Tanto a empresa quanto um grupo de criadores de conteúdo de Montana, que o TikTok reuniu, também argumentaram que a proibição viola seus direitos da Primeira Emenda e se intromete na autoridade do governo federal sobre assuntos estrangeiros e de segurança nacional.
No mês passado, a oposição à proibição foi elencada em processos judiciais de entidades como a American Civil Liberties Union e a Computer & Communications Industry Association, cujos membros incluem a Apple e o Google.
Embora os residentes não sejam penalizados por usar o aplicativo de acordo com a nova lei, o TikTok poderá sofrer multas se eles o usarem - assim como a Apple e o Google, se o TikTok estiver disponível em suas lojas de aplicativos no estado.
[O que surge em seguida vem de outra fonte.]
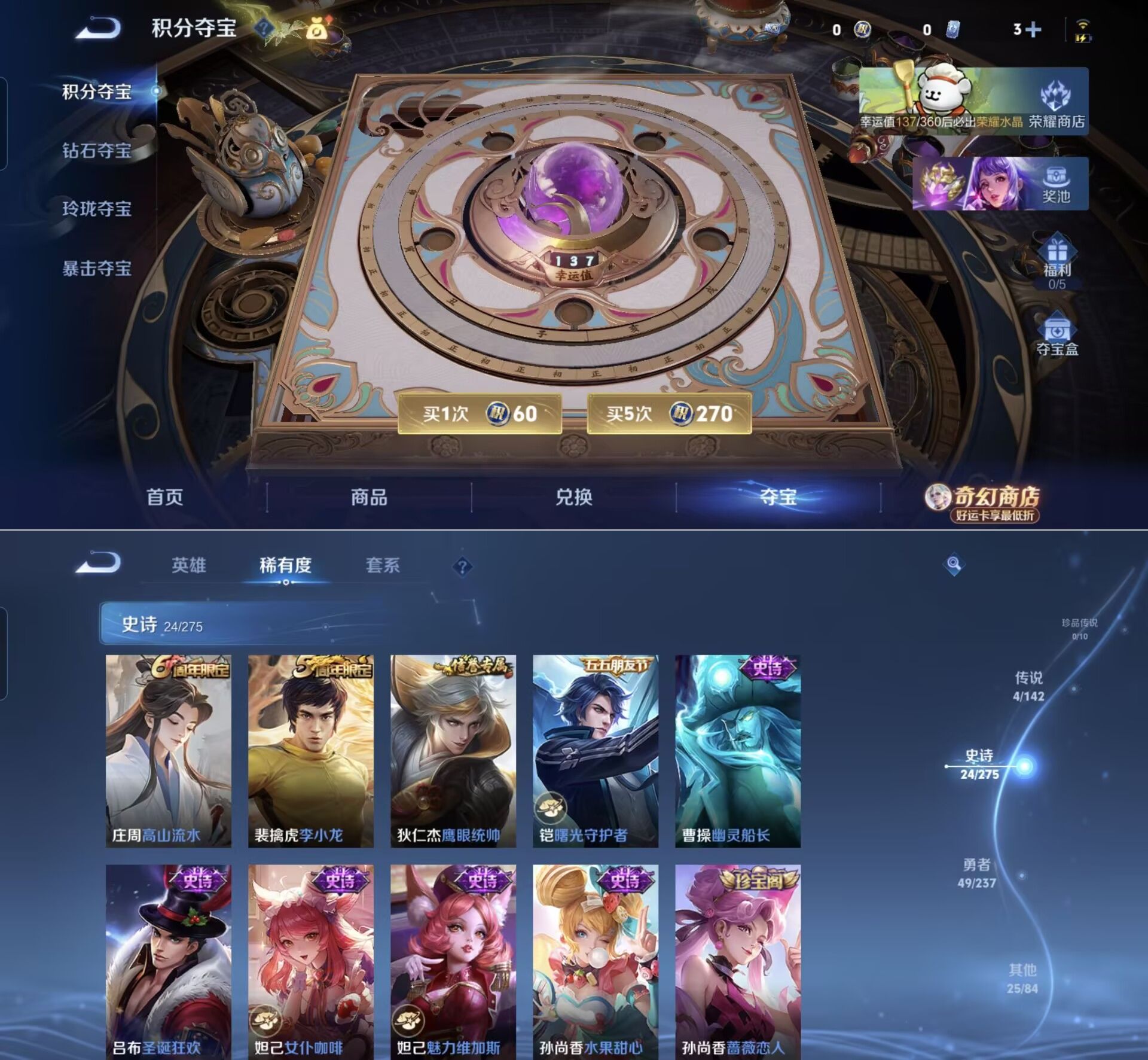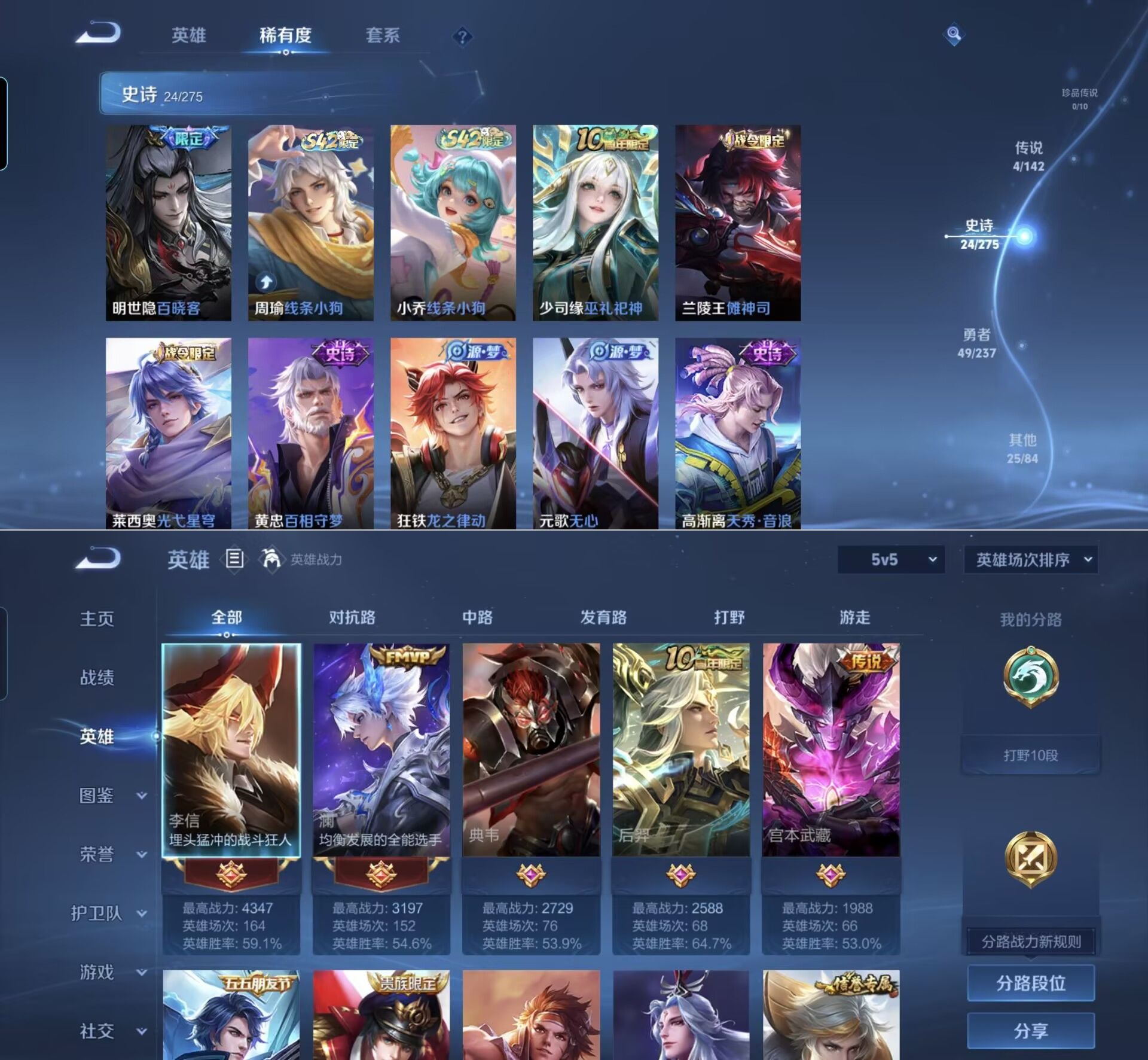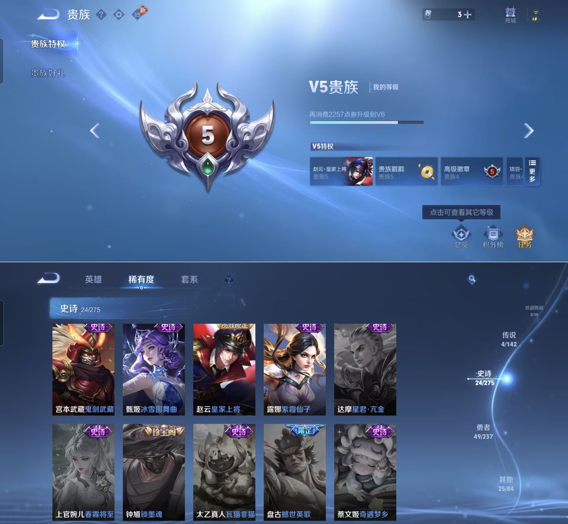 贵族等级:v5皮肤数:102传说品质4 生肖限定1 英雄数:117

"A lei de Montana é inconstitucional", disse o porta-voz do TikTok, Alex Haurek. "Acreditamos que nossa contestação legal prevalecerá e esperamos ansiosamente pelo nosso dia no tribunal."
Knudsen disse que estava preparado para mais do que apenas um dia no tribunal. Em sua opinião, a proibição é o resultado de quase dois anos de análise do aplicativo por sua equipe, e não uma atitude impulsiva. E ele espera defendê-la por anos, prevendo até mesmo que o caso chegue à Suprema Corte dos EUA.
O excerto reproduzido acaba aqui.